L'articolo di Mearsheimer e Walt "The Israel Lobby" ha portato in primo piano i legami tra la politica israeliana e quella americana e ha avviato un dibattito, ma non dà altro che peso accademico a cliché politici già consolidati. Inoltre la struttura dell'articolo deriva dal mito della cospirazione ebraica. L'atrio, con la L maiuscola, assume una dimensione quasi metafisica. Molti, sia nel mondo cristiano che in quello musulmano, sono convinti che gli ebrei abbiano ancora troppa e sfortunata influenza nel mondo. Essendo un popolo senza terra, questa cospirazione era precedentemente collegata a qualche potere. Una volta erano i massoni o i comunisti. Oggi sono gli Stati Uniti. Allo stesso tempo, non dovrebbero essere interamente responsabili del fatto che il dibattito diventi confuso. Anche le organizzazioni ebraico-israeliane negli USA mescolano la critica ad Israele con la critica agli ebrei – quando gli fa comodo.

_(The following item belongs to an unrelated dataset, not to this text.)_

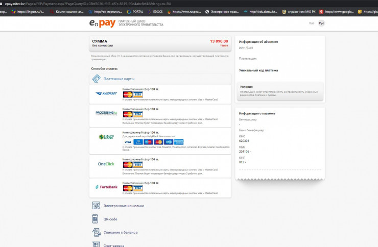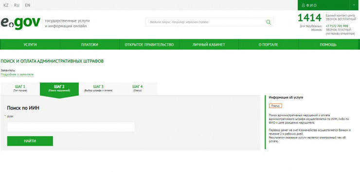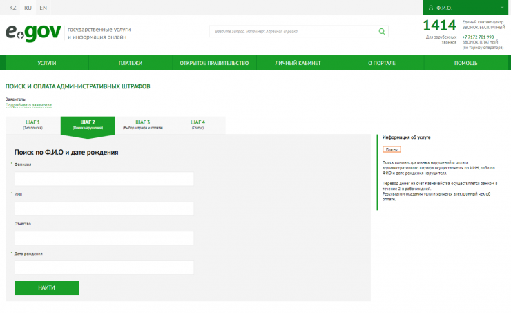 Затем нажать на кнопку "Оплатить онлайн" и выбрать тип поиска: по ИИН либо по фамилии, имени, отчеству и дате рождения.

Se si vuole pensare in grande, è difficile capire come si possa uscire da questo circolo vizioso senza allentare anche i legami tra il progetto sionista e lo Stato di Israele, come sostiene, tra gli altri, Göran Rosenberg in La terra perduta ( 1998). Qualsiasi stato basato su criteri etnici, nazionali o religiosi ristretti è una sfida per ciò che lo circonda. Qualsiasi essere umano che eredita la propria identità prevalente non ha altra scelta che abbracciarla – o rifiutarla. Ridurre la lotta tra Israele e Palestina a una lotta tra ebrei e musulmani, come fa Samuel P. Huntington, è fuorviante. Ridurlo a una questione di influenza della lobby israeliana sugli Stati Uniti è altrettanto riduttivo e fuorviante. L'articolo di Mearsheimer e Walt "The Israel Lobby" non è parte della soluzione, ma parte del problema. Criticare Israele non è stato più facile, ma più difficile.